** Opening Extracted information block **
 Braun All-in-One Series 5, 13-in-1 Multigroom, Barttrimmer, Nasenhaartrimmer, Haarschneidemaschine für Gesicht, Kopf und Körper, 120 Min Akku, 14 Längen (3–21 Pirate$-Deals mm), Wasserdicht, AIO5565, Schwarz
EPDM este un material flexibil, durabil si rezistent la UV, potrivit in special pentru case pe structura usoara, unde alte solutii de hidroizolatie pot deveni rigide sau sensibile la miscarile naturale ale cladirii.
** Closing Extracted information block **
** Opening Extracted information block **
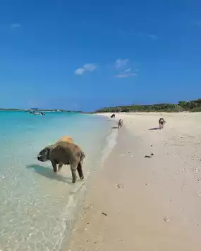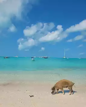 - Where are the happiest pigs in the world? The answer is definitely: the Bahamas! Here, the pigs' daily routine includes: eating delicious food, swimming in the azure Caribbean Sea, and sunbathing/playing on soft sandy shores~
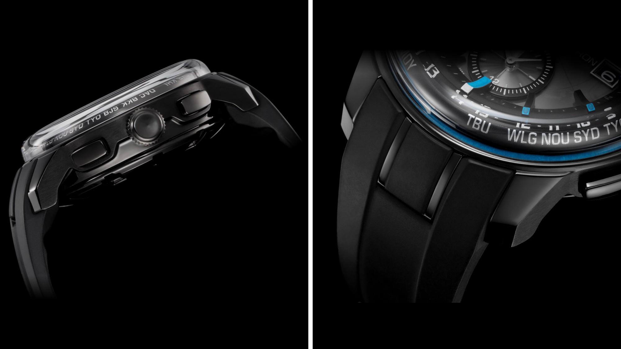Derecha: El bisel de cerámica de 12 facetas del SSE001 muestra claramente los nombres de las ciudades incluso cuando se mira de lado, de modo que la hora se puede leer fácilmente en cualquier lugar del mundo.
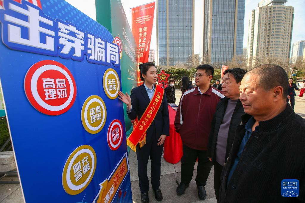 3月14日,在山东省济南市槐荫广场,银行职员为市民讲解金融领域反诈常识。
** Closing Extracted information block **
§ Problem details
Transcribe, word for word, the stretch of lines in the data above from the one with "Derecha: El bisel" through the one with "3月14日,在山东省济南市槐荫广场,银行职员为市民讲解金融领域反诈常识。"; omit all pictures.

§ Expected answer
Derecha: El bisel de cerámica de 12 facetas del SSE001 muestra claramente los nombres de las ciudades incluso cuando se mira de lado, de modo que la hora se puede leer fácilmente en cualquier lugar del mundo.
 3月14日,在山东省济南市槐荫广场,银行职员为市民讲解金融领域反诈常识。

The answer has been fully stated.